The town of Sad Sack resembled nothing so much as a splodge of something unpleasant that should have been mopped up but, left to moulder, had eventually evolved its own life forms. The other local orphanage, St Cod’s Home for Ingrates and Wastrels, festered near its centre, its residents feeding off the unguarded pockets of townsfolk like leeches. The bakery, the library, the butcher’s, the pharmacy that sold incense and strange herbal medicines and smelt so thickly perfumed that the air inside the shop was almost solid in your throat – all were crammed into the winding cobbled streets in haphazard rows that looked like they might fall down if you laid a finger on one of them. But it was the huge Mending House next to St Cod’s that dominated everything. Its stone walls formed a square with one missing side; tall iron railings and gates joined the open section, making a courtyard at the front. It squatted fat and menacing, its bleak chimneys casting murky shadows over all who lived there, the darkness seeming to spread from within its very walls. Tig did not like to look at it.

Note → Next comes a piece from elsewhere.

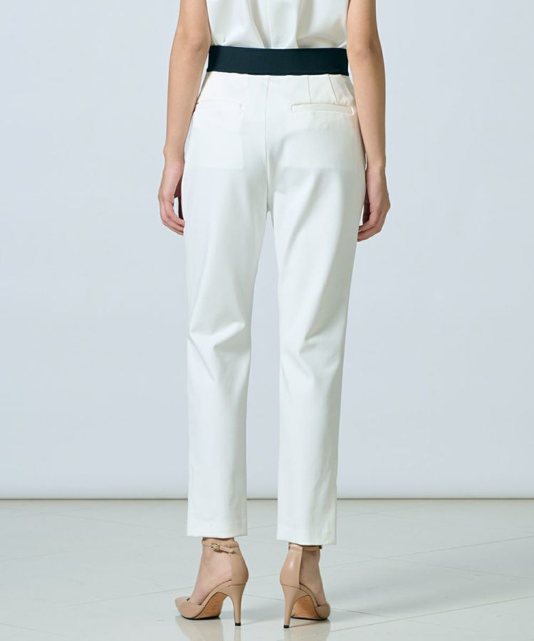 ナイロンハイマルチの糸を使用し、段ボール組織で仕上げたパンツ。ストレッチ性があるため、動きやすくストレスフルな着心地が魅力です。また、肌あたりは柔らかでありながらハリ、コシがあるため、きちんと感のある佇まいが叶うのもポイント。細身のストレートシルエットがスタイリッシュな印象で、アンクル丈はすっきりとした足元を演出してくれます。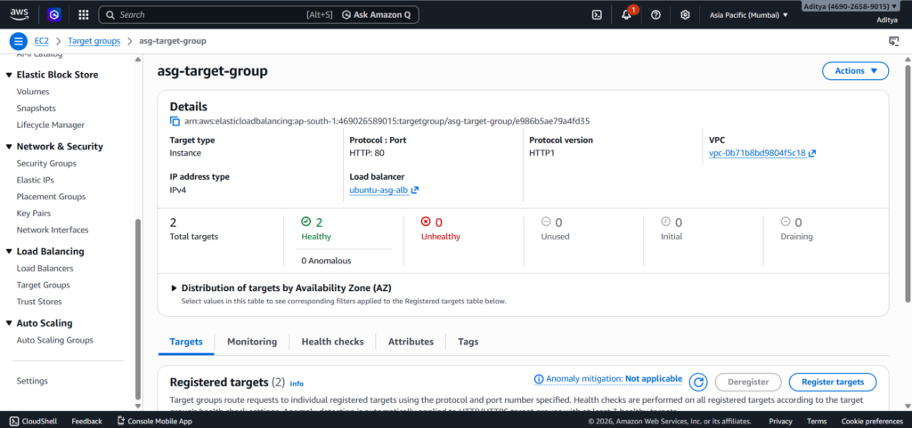 The Target Group connects the Load Balancer to EC2 instances and performs health checks.

From the town, the grey stone mansion of St Halibut’s looked the same as it always had – she’d made sure of that. It was beautiful in an unwelcoming sort of way. The same theme continued inside – high ceilings and great big sash windows and old paintings of gammon-faced jowly geezers, all designed to suggest that you weren’t really posh enough to gaze upon it, let alone live there. Miss Happyday had floated about inside, the lady of the manor, as though she and the house were both in denial about the fact that it was also home to scruffy orphans. No one ever ascended the rickety stone steps that led up the steep hillside, apart from Maisie, and occasionally Arfur, who described himself as a travelling curiosity salesman, though he neither travelled much, nor sold anything worth being curious about. Tig knew what he really was, of course: a total slimeball.

Both visitors always came on foot, since the route up had not been fit for horse nor carriage for hundreds of years. It took a good twenty minutes to make the climb, even if you were fit and didn’t stop to catch your breath, and the entire path was in full view of the sweeping drive, so the children were always forewarned of any approach. It was much faster on the way down, as Arfur had once demonstrated when he was drop-kicked off the driveway by Miss Happyday.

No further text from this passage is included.